Safety: A Bright Idea
Having adequate lighting will not only make your time spent working under the hood easier, it could also make it safer, as it helps you prevent mistakes and breakages. After all, when you can see what you’re doing, you’re not making a guess as to what you’re cranking on and where. But there are a few other steps that pro and at-home auto mechanics should take to protect their health.
First, it’s imperative to ensure that you’re working to prevent fires. Chemicals need to be stored properly, away from any heat sources, including your work lights. Greasy rags need to be placed in bins, preferably made of metal or a non-combustible material. And you should always have materials on hand for putting out a blaze, including a fire extinguisher.

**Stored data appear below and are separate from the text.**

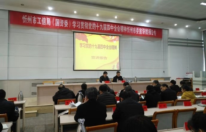 2019年11月26日上午,忻州市工信局(國資委)學(xué)習(xí)貫徹黨的十九屆四中全會(huì)精神忻州市委宣講團(tuán)報(bào)告會(huì)在忻州市委黨校召開。市統(tǒng)戰(zhàn)部常務(wù)副部長鄭慧明同志在報(bào)告會(huì)上作宣講,市工信局黨委書記、局長吳瑞峰主持會(huì)議,工信局黨員干部、各監(jiān)管企業(yè)班子成員共180余人到會(huì)。公司黨委副書記陳志平、黨委委員趙培宏、王明生、邢春生等領(lǐng)導(dǎo)班子成員及相關(guān)人員參加。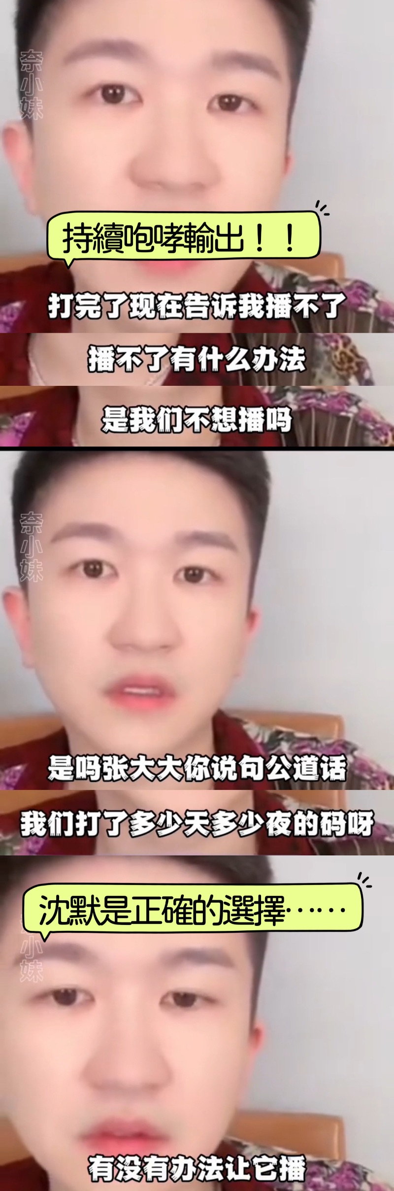 結果接下來再次迎來一頓怒吼:「打完碼現在告訴我播不了!播不了有什麼辦法!是我們不想播嗎!!!是嗎!張大大你說句公道話!我們打了多少天多少夜的碼呀!」完全插不入話的張大大只能保持沈默,沒想到最後對方反問張大大:「有沒有辦法讓它播⋯」真的是,這意思是⋯打了碼也播不了的意思了吧?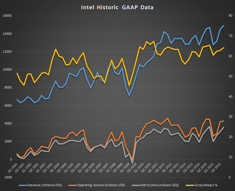 Ниже приведен поквартальный график за период 2001—15 гг., включающий доход (млрд долл., синяя кривая), валовую рентабельность (%, желтая кривая), операционную прибыль (млрд долл., оранжевая кривая) и чистую прибыль (млрд долл., серая кривая) Intel.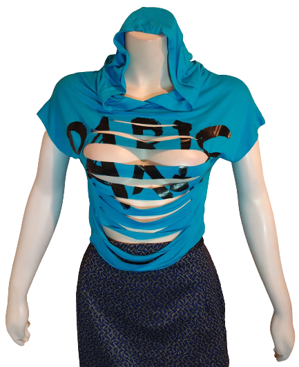 Blue Paris Hoodie with Slits 96% Rayon, 4% Spandex

Next, you’ll need to keep your tools secured properly. Even if you’re working under a car, don’t leave your tools on the floor, where it’s too easy for someone to trip over them. Keep them in a tool box, and put them away when you’ve finished. True, this sounds simple enough, but the “I’ll clean up a little later” mindset is always lurking around the corner. Be sure that your implements are in good working order, too. A compromised tool can break at just the wrong time, injuring either you or someone working near you.
Finally, be extra careful about the health of your spine. Working on cars can be highly satisfying, but only if your back isn’t killing you from too much time spent hunched over an engine. Take breaks to stand up straight and practice some stretching of the neck, back, and waist. Some chiropractors even recommend that mechanics strengthen their core muscles, as a strong center can help take some of the strain off the back.